0
votes

coming from Pandas background, I am struggling with Spark 2.0.2 (PySpark) on a simple operation. How to add a new column to an existing Data Frame, which contains the first two character of an existing column. Ideally what I want essentially is

df.withColumn("new_column", col('FirstName')[:2])

which obviously Spark 2.0.2 cannot understand.

Data Source

df = sqlContext.createDataFrame([("Ranjeet", 4, "California", 2), ("Anthony", 5, "Hawaii", 3), ("Diana", 6, "Singapore", 4)], ["FirstName", "Sales", "State", "Cost"])
df.show()

Attempt #1

from pyspark.sql.functions import col
df.withColumn("new_column", col('FirstName').map(lambda x: x[0][:2]))

Error: Column object is not callable

Attemp #2 - creates a new data frame containing the first two chars of FirstName but how do I merge it back to df?

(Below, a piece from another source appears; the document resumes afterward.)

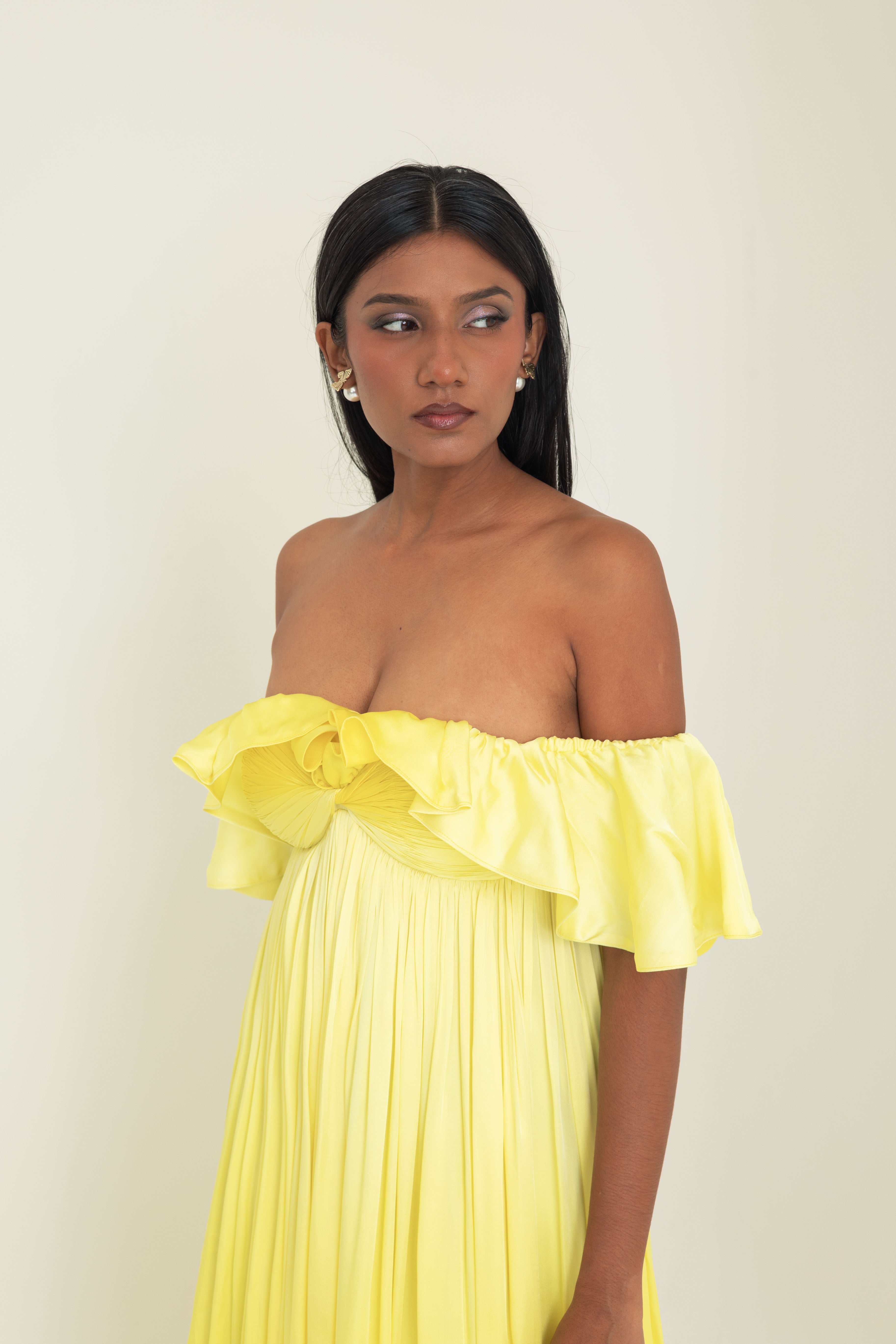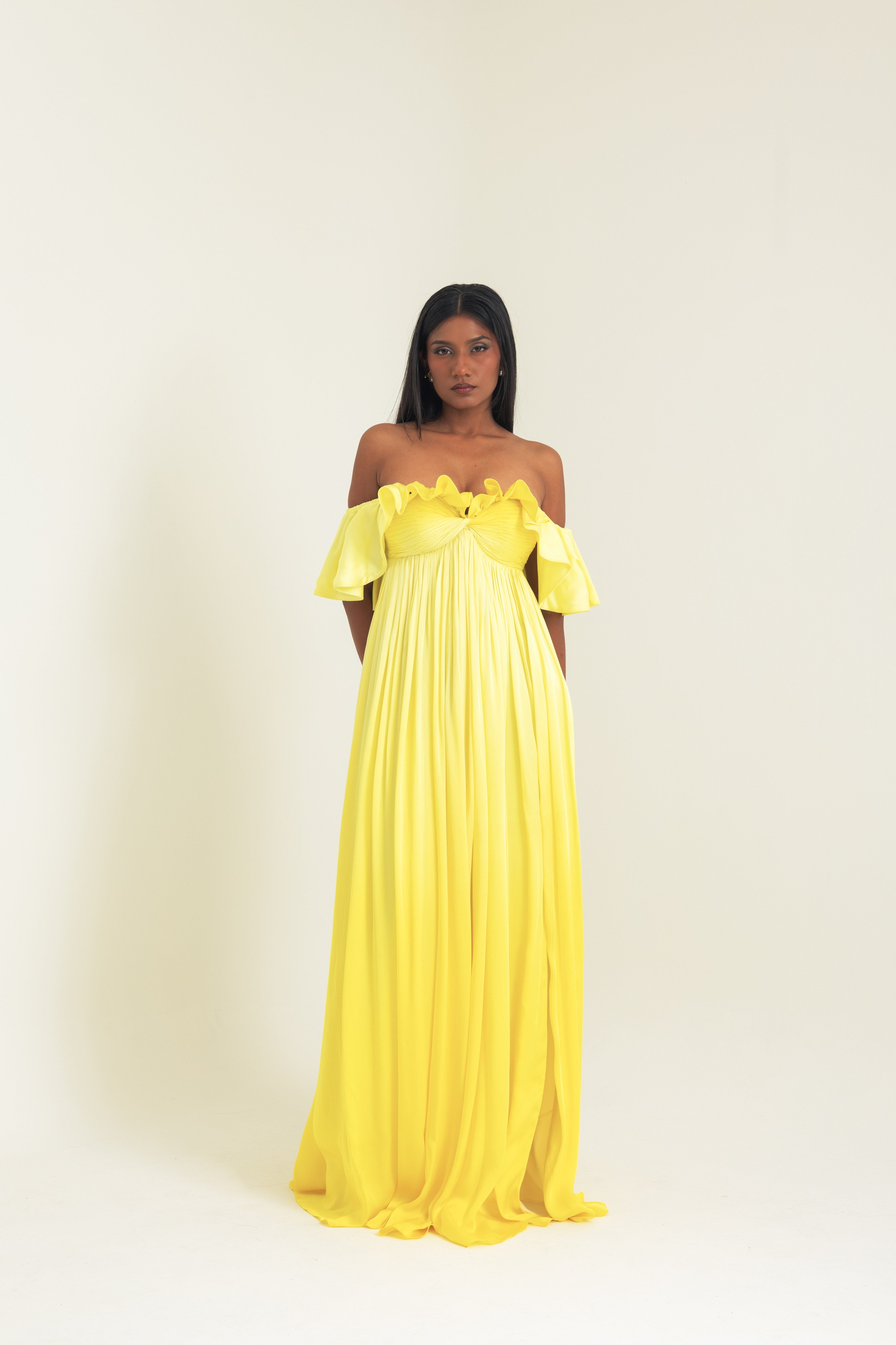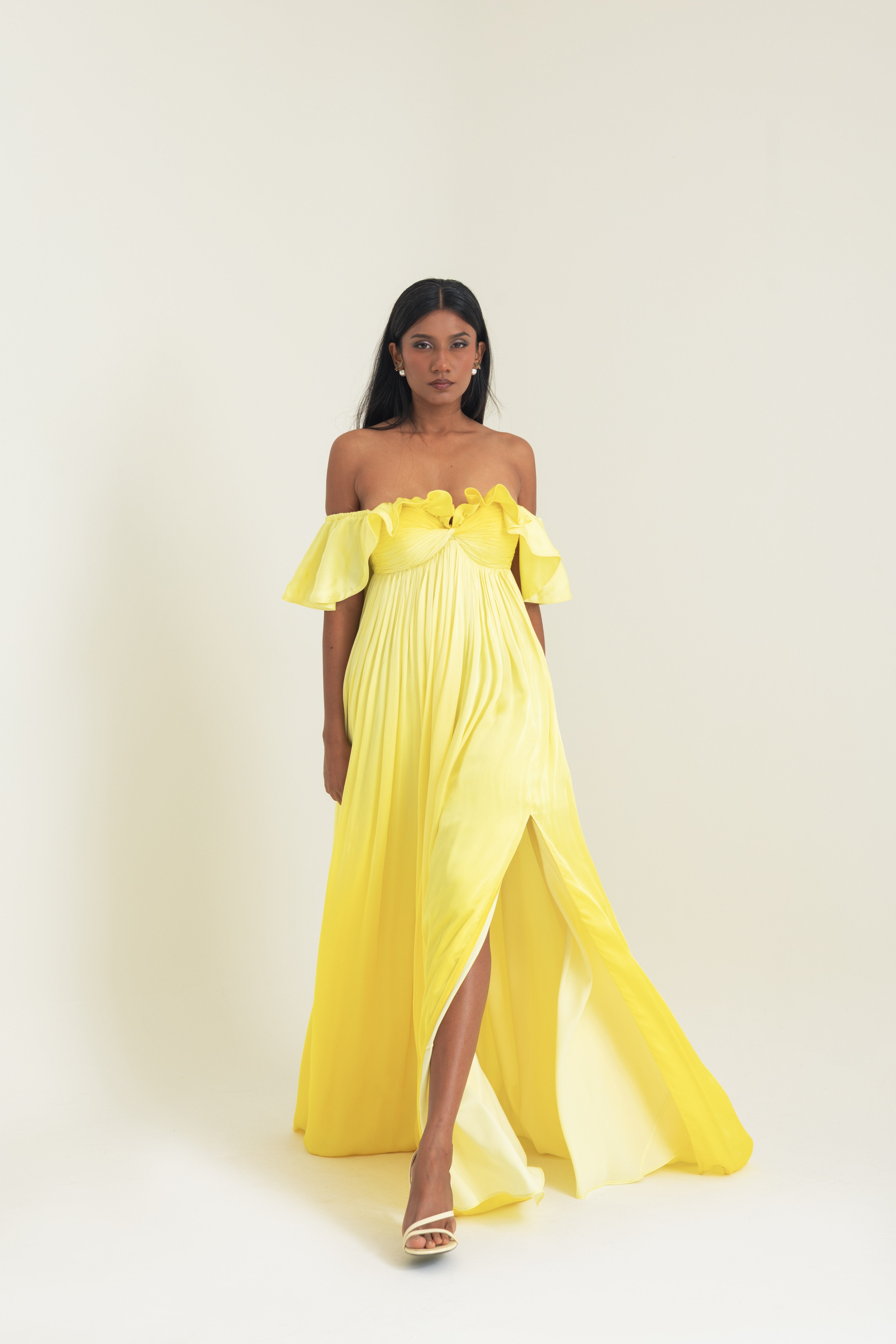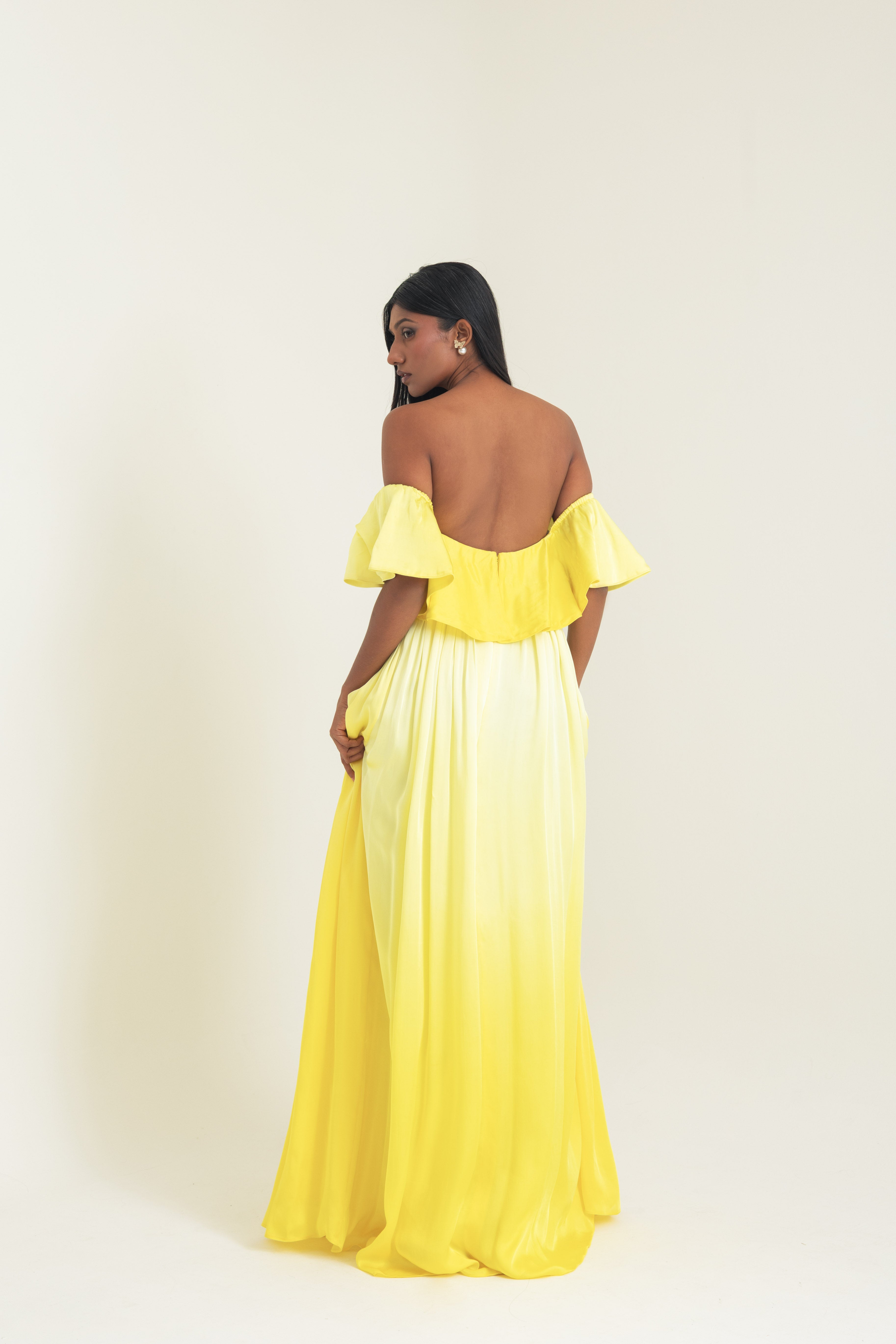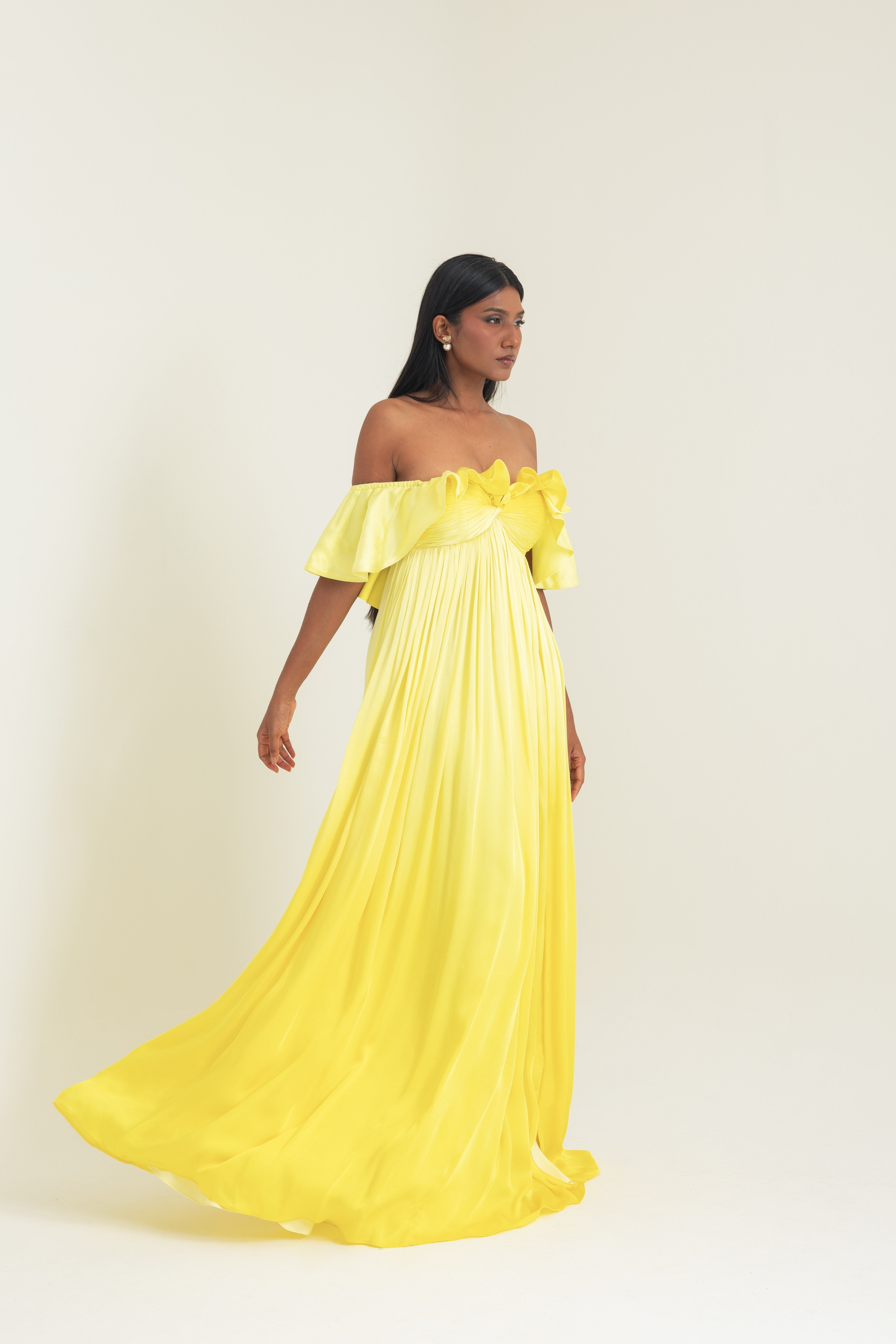 Turn heads with this ethereal shaded yellow gown, crafted in luxurious satin georgette that drapes beautifully and glides with every step. The off-shoulder neckline is adorned with soft ruffles, adding a romantic flair, while the gathered bodice creates a flattering silhouette that flows into a floor-length, pleated skirt. The gradient yellow tone transitions seamlessly from a soft butter hue to a rich golden finish, evoking a sense of sunshine and warmth.

from pyspark.sql import Row
row = Row("block_x")
df.select('FirstName').rdd.map(lambda x: x[0][:2]).map(row).toDF().show()

Thank you for your time.

Looking for a simple and elegant solution. May be I am missing something here.

1

1 Answers

1
votes

You can use substring function and withColumn:

from pyspark.sql.functions import substring

df.withColumn("new_column", substring('FirstName', 0, 2))